From: 2024-06-10 13:00 to 14:00
Place: Seminar Room M 3170-73 at Dept. of Automatic Control, LTH
Contact: johan [dot] eker [at] control [dot] lth [dot] se


Date & Time: June 10th, 13:00-14:00
Location: Seminar Room M 3170-73 at Dept. of Automatic Control, LTH
Author: Stanislaw Swirski, Ivar Källander
Title: Graph Attention Network-Based Monitoring of Complex Operational Systems
Supervisor: Johan Eker, LTH,  Mikael Lindberg
Examiner: Karl-Erik Årzén, LTH

Abstract: Operational systems, such as industrial automation, autonomous vehicles, and larger air/sea/landcrafts, often contain a large number of heavily connected systems with real-time requirements for their functionality. For such systems, detecting and responding to anomalies is both challenging and crucial. Until recently, such anomalies were monitored using heuristic methods, or even humans monitoring the systems.
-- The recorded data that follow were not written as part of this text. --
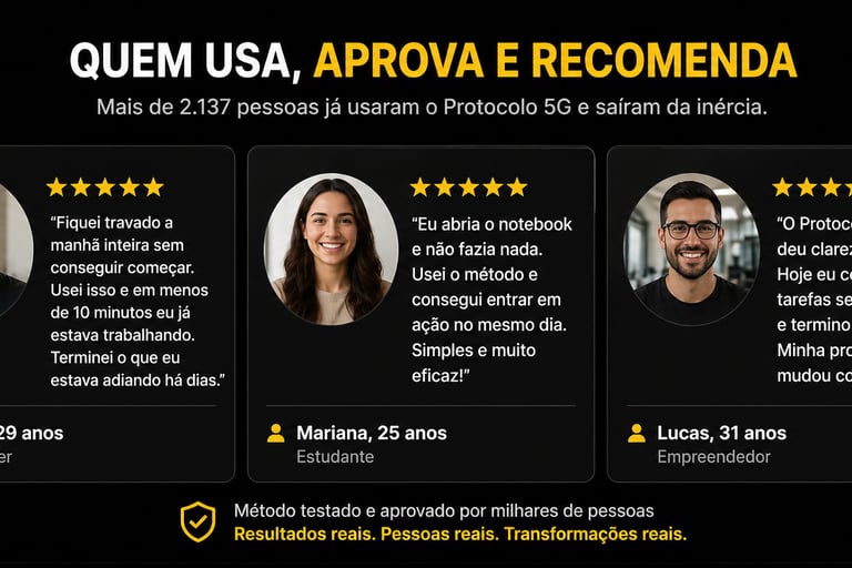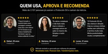 Mas como analista, eu entendi que o problema não era falta de vontade, e sim um "bug" na programação do meu cérebro. Mergulhei nos estudos de neurociência comportamental e, após anos de pesquisa e testes, desenvolvi o Método 5G de Ação Imediata. Um sistema comprovado por 47 estudos de neurociência e aplicado em mais de 1.200 casos reais.
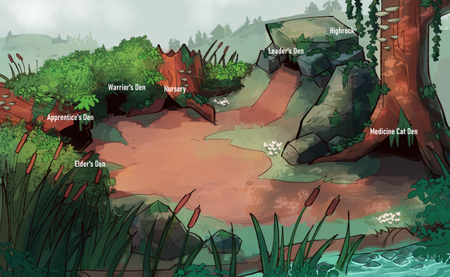 Jess, you knocked yourself out with these maps! It's so cool that you included some of the characters in the clan, plus plus hidden den in reeds(?). Wicked ~!(:
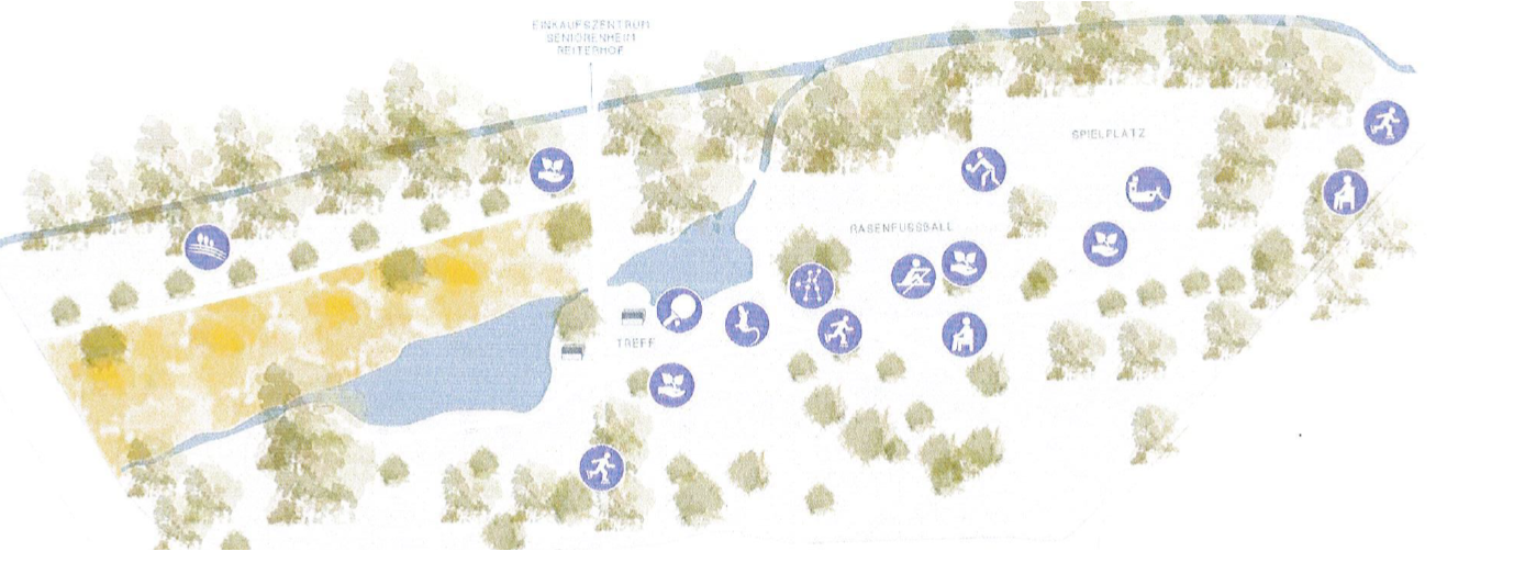 durch Anlegen neuer Wege, Pflanz- sowie Sport- und Spielbereiche
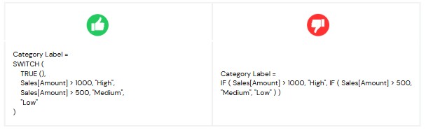 Nested IF statements can make your DAX code complex, harder to read, and more difficult to maintain. Instead, use the SWITCH function for scenarios with multiple conditions. SWITCH improves readability, simplifies logic, and enhances maintainability while offering comparable performance.
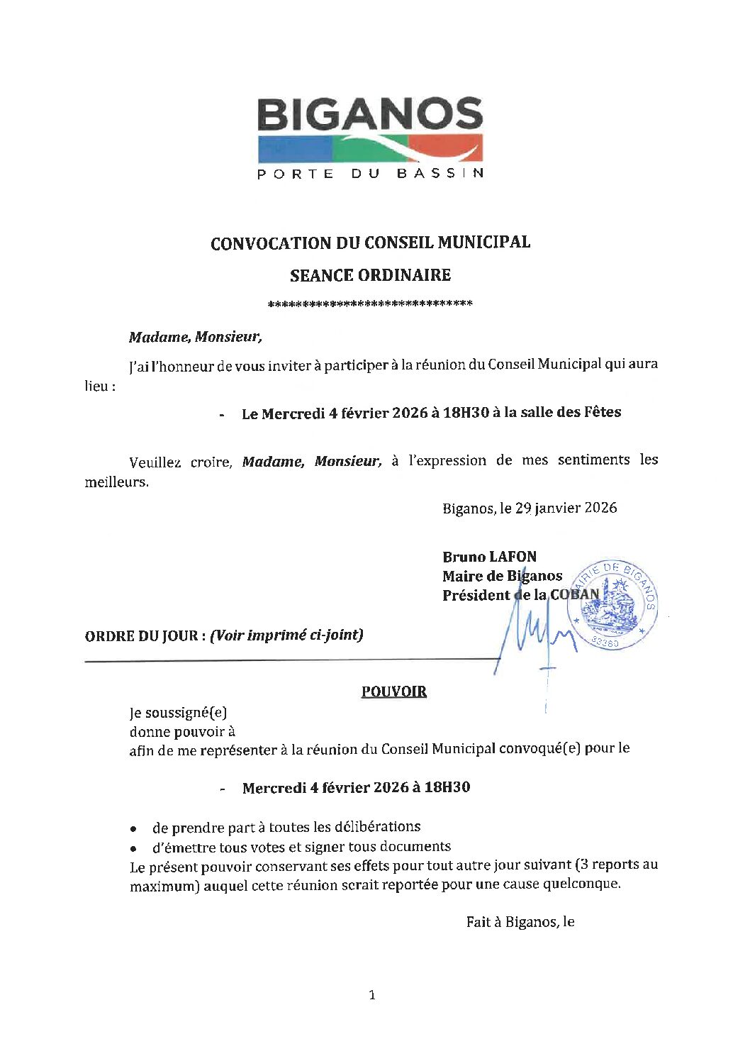 CONVOCATION CONSEIL MUNICIPAL DU 26-03-2024
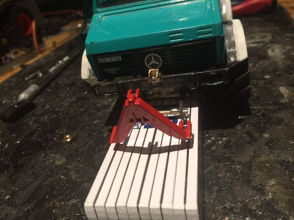 Verbaut ist schon der Allrad Antrieb und eine Voll gefederte Vorderachse. So das er leicht einfedert wenn er das Vordere Anbaugerät anhebt. Das habe ich mir bei einem Modellbau kollegen abgeschaut dort fand ich es ein Hammer Detail. -
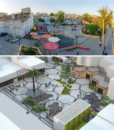 A field study of the problems in the intervention area indicated that the major issues were low levels of security (25%), lack of green spaces and inappropriate use of the space as a parking lot (27%); and environmental pollution (40%). Due to the poverty of the residents and inappropriate physical quality of the Anbar-Naft neighborhood, many primitive residents have left neighborhood, and current residents showed low levels of sense of belonging. These circumstances led to a lack of social integrity. In the status quo, the use of behavioral patterns in the space are related to the parameters of time and place; it means the least activity was observed before the afternoon, and after 4 pm, most behavioral patterns occurred in the form of a group sitting and children playing. In this small and micro-scale space, an attempt was made to make the best use of the space according to the needs of residents. For this reason, the intervention focused on re-organization of the space, improvement of the green spaces and creation of several places for neighbours to gather and children to play (Figure 4).
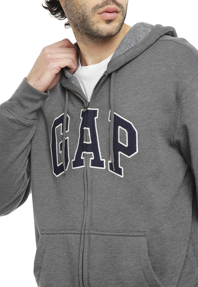 Gap ανδρική ζακέτα Soft, comfy fleece. Long sleeves with ribbed cuffs, hem. Hood with drawcord ties. Zip front. Embroidered arch logo applique at front.
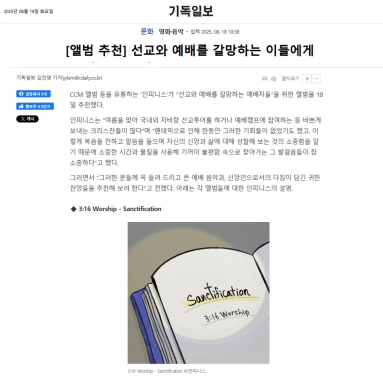 수원지역에서 활발히 활동하는 3:16 Worship(삼일육워십)의 세 번째 정규 앨범 ‘Sanctification’인데 ‘나의 기도’, ‘찬양해 할렐루야’ 등 10트랙이 수록된 이 앨범에는 오랫동안 소리엘로 사역하고 있는 지명현 목사가 반갑게 피처링으로 참여해 ‘주는 나의’를 불러 함께 했으며 그동안 호흡을 맞춰온 3:16 Worship팀의 멤버들과 함께 완성했다. 오랫동안 지켜보게 된 팀인데 갈수록 음악적으로도 완성도가 높아지고, 메시지도 깊이 있어 지는 것을 아주 흥미롭게 주목하고 있는 팀이다.
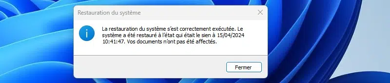 J'insiste bien sur le fait qu'un point de restauration ne protège pas vos données et n'altère pas vos données lors de la restauration.
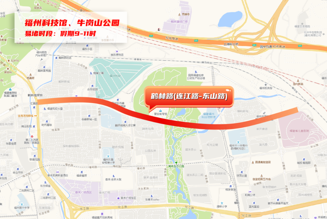 易堵路段为鹤林路(连江路—东山路),易堵时段为假期9—11时,高峰通行速度预计为30公里/小时,交通状态达到严重拥堵。
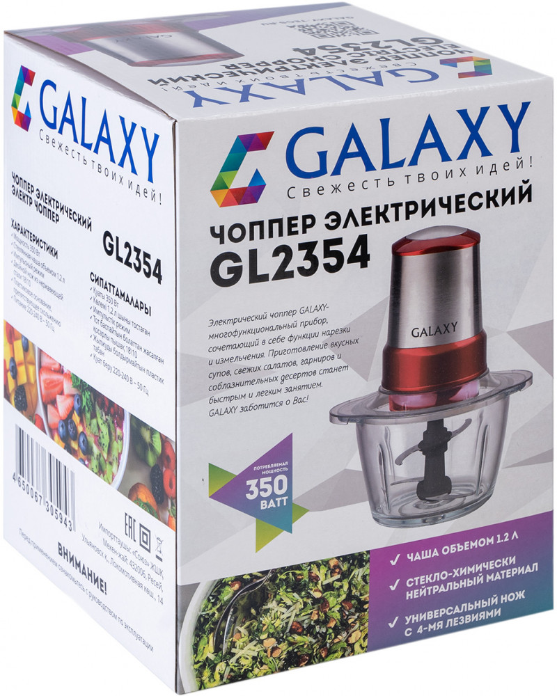 Galaxy Чоппер электрический GL2354В данный момент этот товар отсутствует в продаже. Возможно, у нас найдется аналогичный или похожий товар здесь. Чоппер «Galaxy GL2354» имеет стильный современный дизайн. Стеклянная чаша объемом 1,2 л, позволяет измельчать большой объем продуктов. Стекло — химически нейтральный материал, поэтому не впитывает запахи и не окрашивается в цвет продуктов, не выделяет вредных веществ в пищу. Закаленное стекло чаши позволяет измельчать горячие и особо твердые продукты. |

Such approaches often fail to detect anomalies accurately due to the complexity of the systems. A continuous development of the systems also poses a significant challenge, as the current anomaly detectors have to be updated, and staff trained. Geometrical deep learning is a well known tool used for anomaly detection in applications where the data can be represented as a graph. However, to our knowledge it is yet to effectively be used for complex operational systems, currently only being used for simpler cases such as fraud detection. Recently, a new architecture named Graph Attention Networks (GAT) has been studied as an anomaly detection method. Its ability to incorporate information in large networks makes it potentially useful for complex operational systems. In this thesis we evaluate different machine learning based methods for anomaly detection, trained on data from real operational systems, focusing on submarines. The methods evaluated include GCNs, GATs and Autoencoders. We also evaluate which data preprocessing methods that are best suited for our case. The results of this thesis provide a basis for further research and show that GATs could be successfully implemented as anomaly detectors for complex operational systems.